* **What is being asked**:
For this task, output exactly the lines of the material below starting at the line with "圖為2023年,竹瓦根邊境派" and ending at the line with "Chairs and cubes"; pictures are to be excluded.

* **Records provided**:
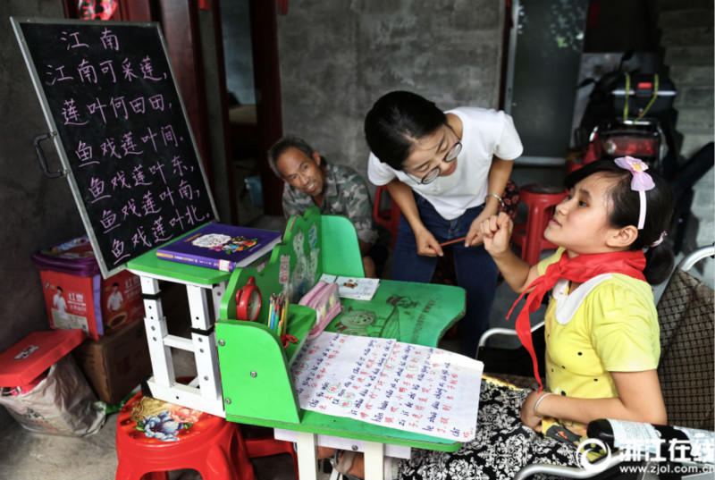13歲的“輪椅女孩”汪凌瑩,從小遺傳母親的脆骨癥,無法站立行走,也無法上學。從2014年開始,一支由淳安浪川鄉(xiāng)雙源完全小學的12名鄉(xiāng)村教師組成的送教隊伍,每周輪流為汪凌瑩送課上門,近三年來風雨無阻。這12位教師中,有到了退休年齡的老教師,也有剛剛加入教師隊伍的年輕90后!
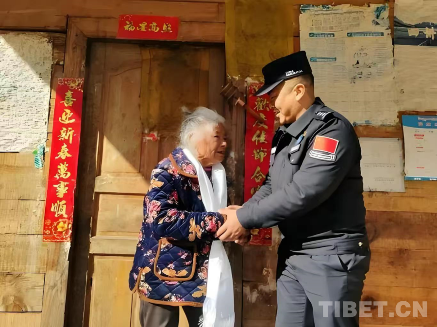 圖為2023年,竹瓦根邊境派出所民警仁青達(dá)瓦在春節(jié)期間看望卓給老人
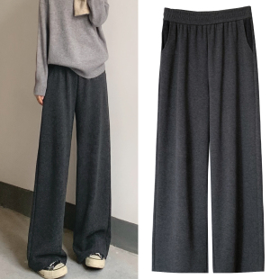 宽松直筒拖地裤 垂感松紧腰羊绒针织长裤 女2025新款 秋冬高腰阔腿裤
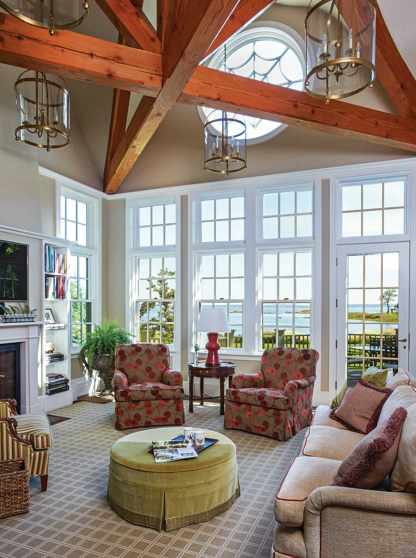 The couple brought their dream to Patterson: a home that would be cozy enough for the two of them, but large enough to accommodate their children and grandchildren, who visit for several weeks in the summer, spending long days swimming, sailing, and kayaking. They also wanted space to hang their art collection. Overall, a relaxed air was important to them, but so was elegance. “It was all about getting the right proportion of house to fit their program and fit on the lot, and not make the lot look small,” Patterson says. The gambrel rooflines of the 6,100-square-foot home gave Patterson a way to “sneak in some attic space,” which houses a children’s playroom, as well as storage.
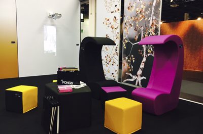 Chairs and cubes covered with sound absorbing digitally printed fabric by PONGS Textiles, one of the exhibitors and speakers at PID 2018 An intense…
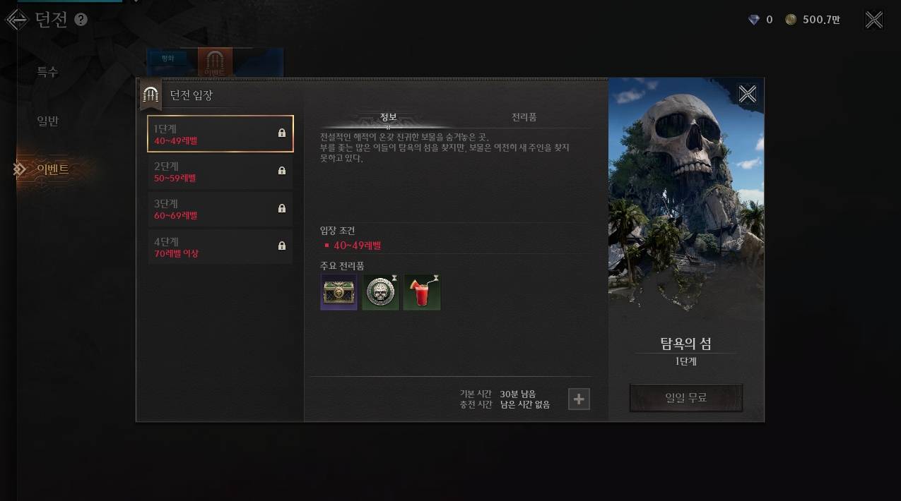 40레벨 부터 입장 가능한 던전이라 조금만 더 올리면 들어갈 수 있어요
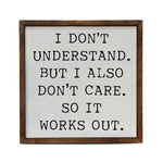 I Don't Understand But I Also Don't Care So It Works Out Wood Wall Hanging. All our signs are build into a wooden box frame with a rustic touch. Signs are hung directly off the frame.
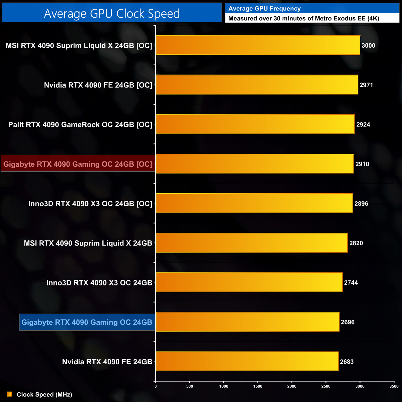 While the stock power limit is set to 450W, this can actually be increased all the way up to 600W for the Gaming OC – the first partner card we've tested that can do so. I was able to add 170MHz to the GPU and 1575MHz to the GDDR6X.
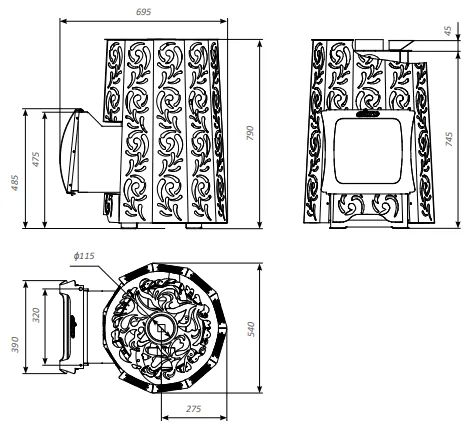 Стальная банная печь Violet Short Window Max – вызывает эмоции с первого взгляда, которые усиливаются в процессе эксплуатации. Блестящие боковые панели сверкают четкими гранями и подчеркивают ее эксклюзивность. Богатый внешний вид дополняют изящные узоры из Русских сказок и былин. Печь Violet призвана создавать неповторимую атмосферу Русской бани. От ее стенок исходит мягкое тепло, излучаемое выложенными по периметру печи полудрагоценными камнями.
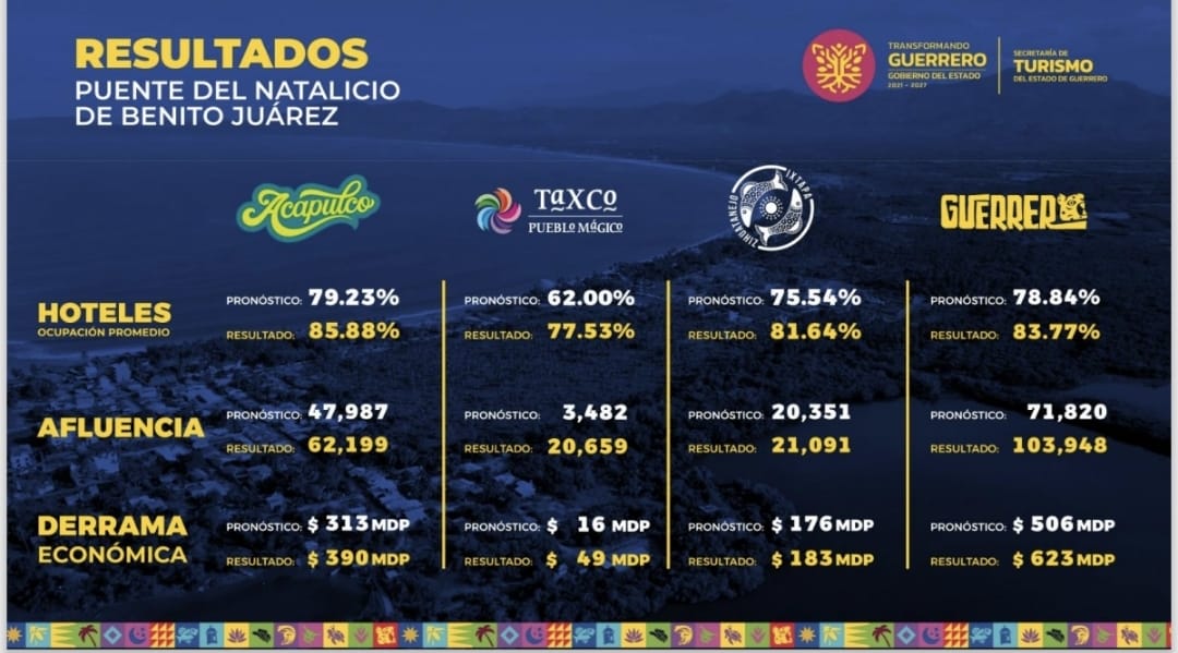 En tanto, Taxco de Alarcón destacó entre los destinos ancla al superar el pronóstico de ocupación hotelera, registrando un promedio general de 77.5 por ciento, la visita de 20 mil 659 turistas y una derrama económica de 49 millones de pesos.
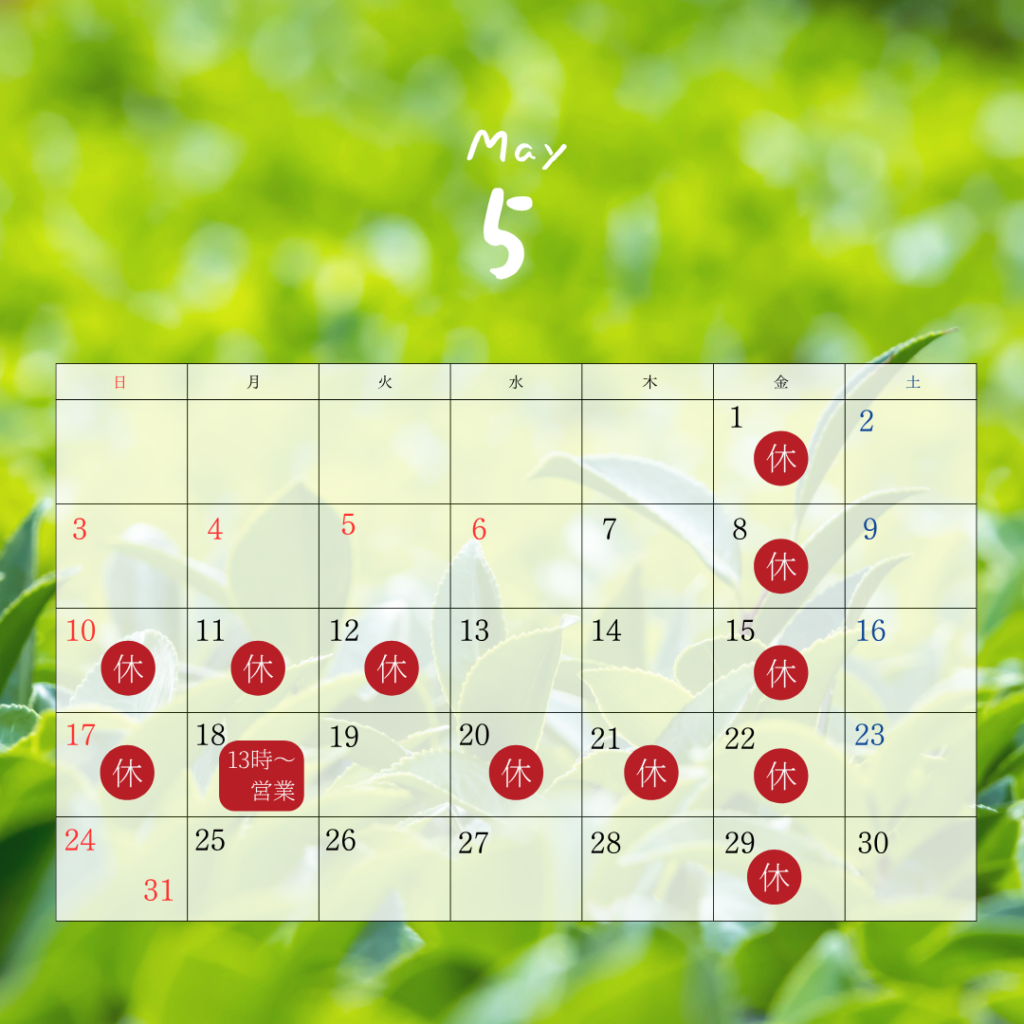 5月の営業カレンダー

* **Expected answer**:
 圖為2023年,竹瓦根邊境派出所民警仁青達(dá)瓦在春節(jié)期間看望卓給老人
 宽松直筒拖地裤 垂感松紧腰羊绒针织长裤 女2025新款 秋冬高腰阔腿裤
 The couple brought their dream to Patterson: a home that would be cozy enough for the two of them, but large enough to accommodate their children and grandchildren, who visit for several weeks in the summer, spending long days swimming, sailing, and kayaking. They also wanted space to hang their art collection. Overall, a relaxed air was important to them, but so was elegance. “It was all about getting the right proportion of house to fit their program and fit on the lot, and not make the lot look small,” Patterson says. The gambrel rooflines of the 6,100-square-foot home gave Patterson a way to “sneak in some attic space,” which houses a children’s playroom, as well as storage.
 Chairs and cubes covered with sound absorbing digitally printed fabric by PONGS Textiles, one of the exhibitors and speakers at PID 2018 An intense…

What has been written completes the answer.